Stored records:
--------

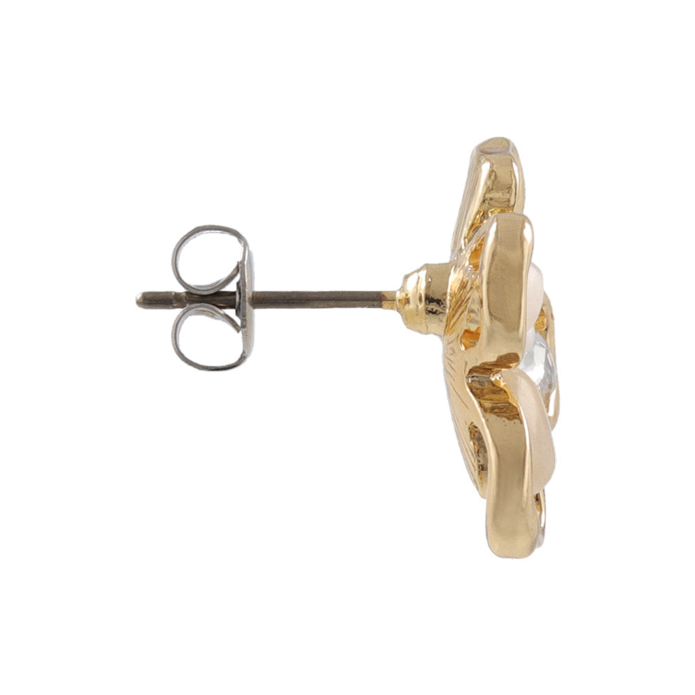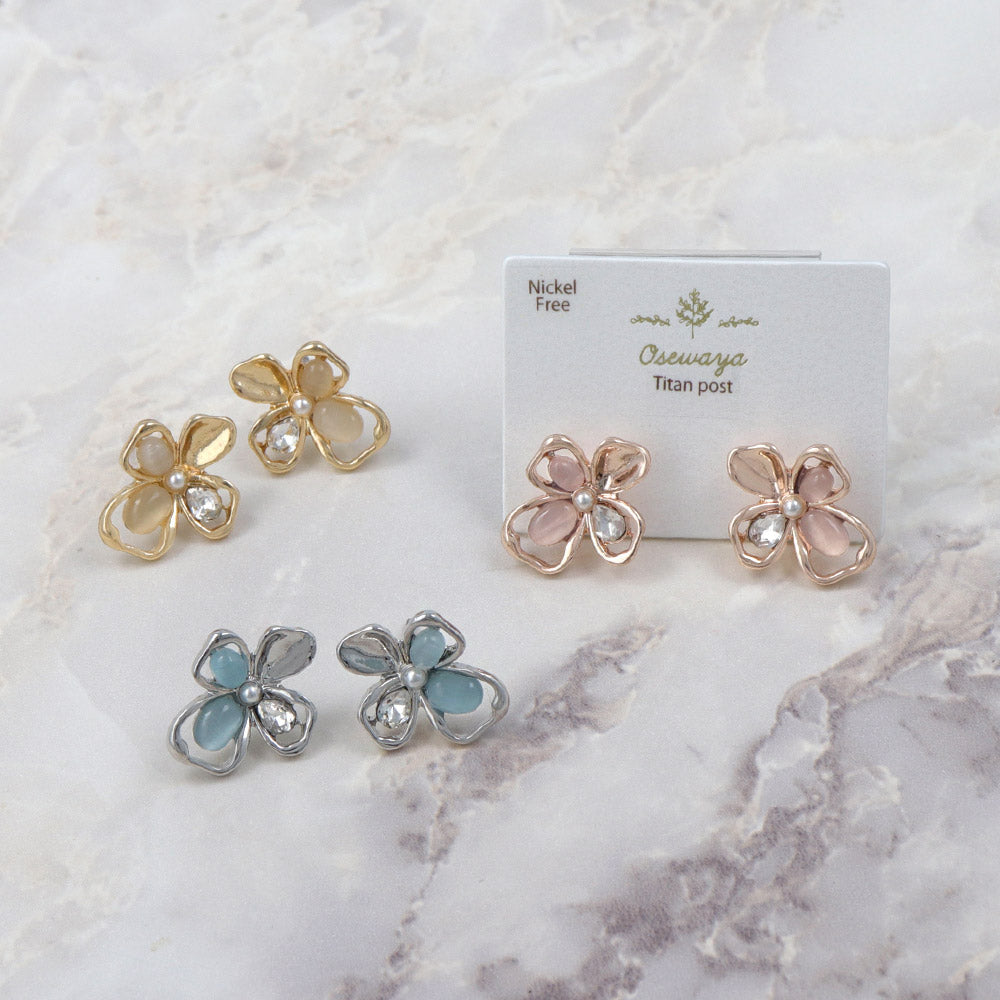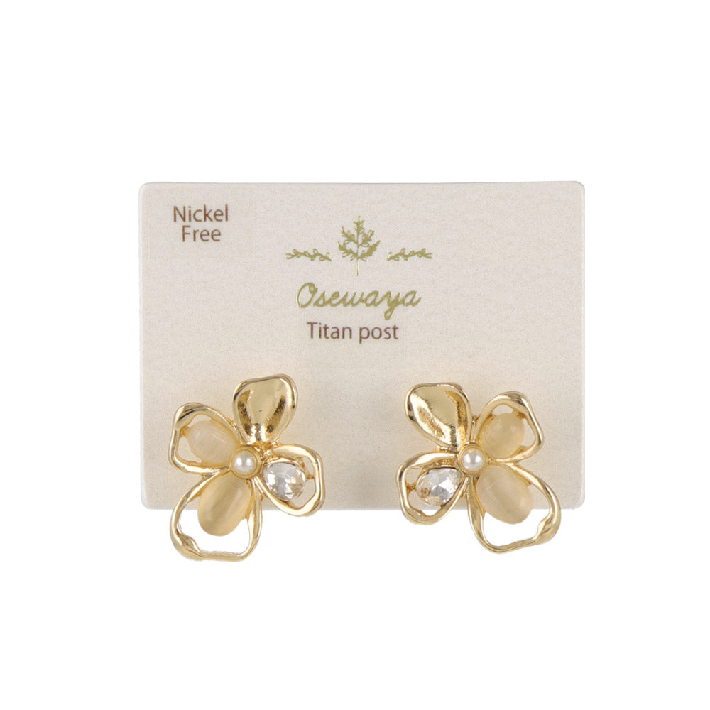 Material: brass, faux cat's eye stone, glass, faux pearl, titanium earring post
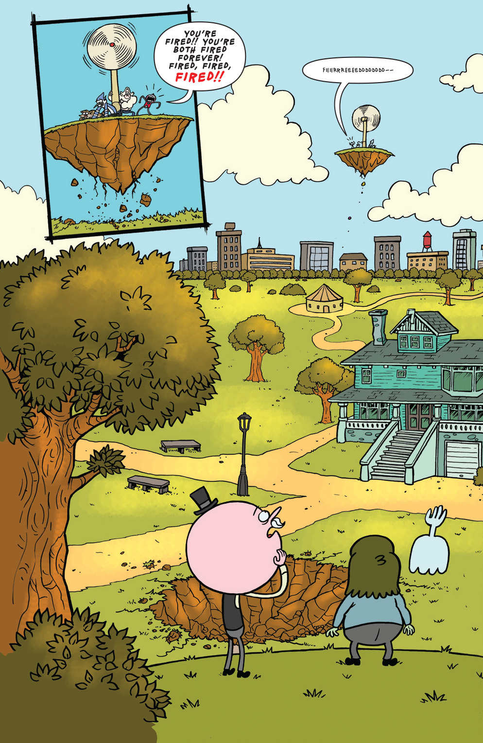 New story arc, and introducing new main series artist Laura Howell! Benson gets wind turbines for the park to save energy, but when Mordecai and Rigby turn them up super fast to cut corners they send the park into the clouds!
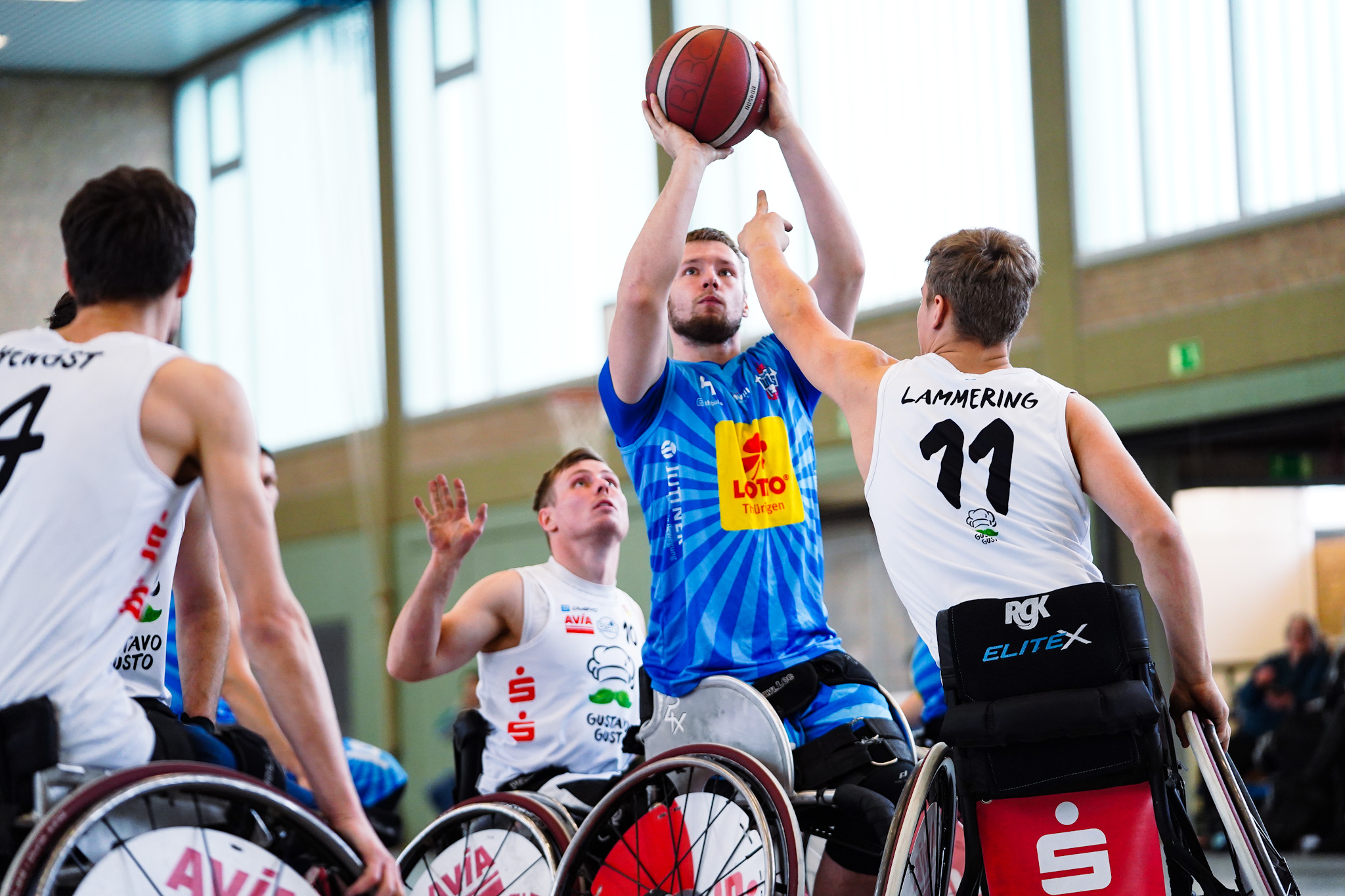 Die Bulls sichern sich durch einen 77:63 Auswärtserfolg beim BBC Münsterland die beste Ausgangsposition für die Playoffs (20:17, 26:15, 17:15, 14:16). Für die Thuringia Bulls ging es am 17. Spieltag in der RBBL in erster Linie um die beste Ausgangslage in den Playoffs. Immer noch ungeschlagen, machten sich die Thüringer ohne ihren Topscorer Alex Halouski auf die Reise ins Münsterland. Der BBC musste weiterhin auf Ausnahmeathletin Mariska Beijer verzichten und wollte dennoch die letzte Chance auf die KO-Runde wahren.
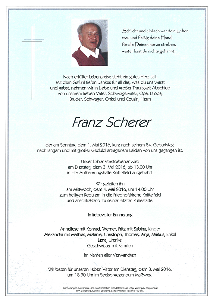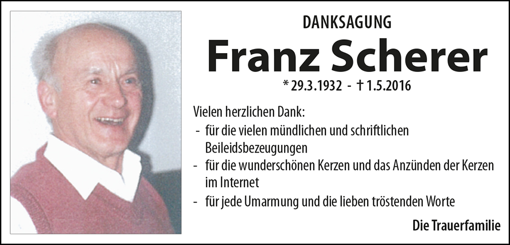 Kondolenzbuch für Franz Scherer
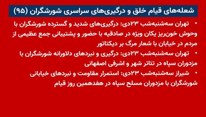 - تهران سهشنبهشب ۲۳دی: درگیریهای شدید و گسترده شورشگران با وحوش خونریز یکان ویژه در صادقیه با حضور و پشتیبانی جمع عظیمی از مردم در خیابان با شعار مرگ بر دیکتاتور
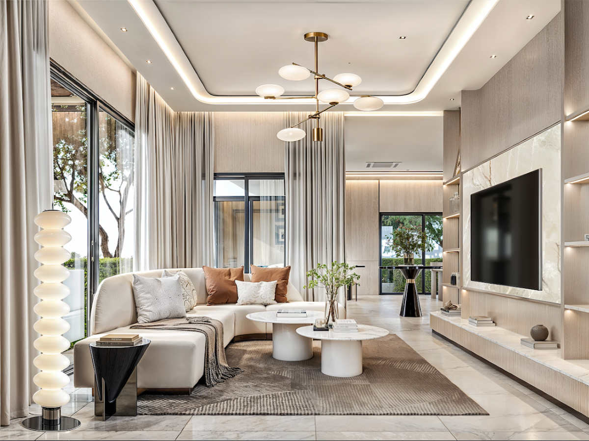 This newly built single houses for Sale are located in The Palm Marena Pattaya in Chaiyapornvitee 25, Nong Prue, Pattaya, Thailand. The property is situated on 224.8 sq/m of land and has a living area of 244 sq/m including 3 Bedrooms and 4 Bathrooms. This house is currently available on the market for sale at ฿ 8,540,000 This house is being sold Fully Furnished and is currently under Company Ownership.

--------

• **WORK TASK**: Within the entries above, the lines from the one containing "Die Bulls sichern" through the one containing "- تهران سهشنبهشب" are to be transcribed exactly, ends included, pictures excluded.

• **TASK OUTPUT**:
 Die Bulls sichern sich durch einen 77:63 Auswärtserfolg beim BBC Münsterland die beste Ausgangsposition für die Playoffs (20:17, 26:15, 17:15, 14:16). Für die Thuringia Bulls ging es am 17. Spieltag in der RBBL in erster Linie um die beste Ausgangslage in den Playoffs. Immer noch ungeschlagen, machten sich die Thüringer ohne ihren Topscorer Alex Halouski auf die Reise ins Münsterland. Der BBC musste weiterhin auf Ausnahmeathletin Mariska Beijer verzichten und wollte dennoch die letzte Chance auf die KO-Runde wahren.
 Kondolenzbuch für Franz Scherer
 - تهران سهشنبهشب ۲۳دی: درگیریهای شدید و گسترده شورشگران با وحوش خونریز یکان ویژه در صادقیه با حضور و پشتیبانی جمع عظیمی از مردم در خیابان با شعار مرگ بر دیکتاتور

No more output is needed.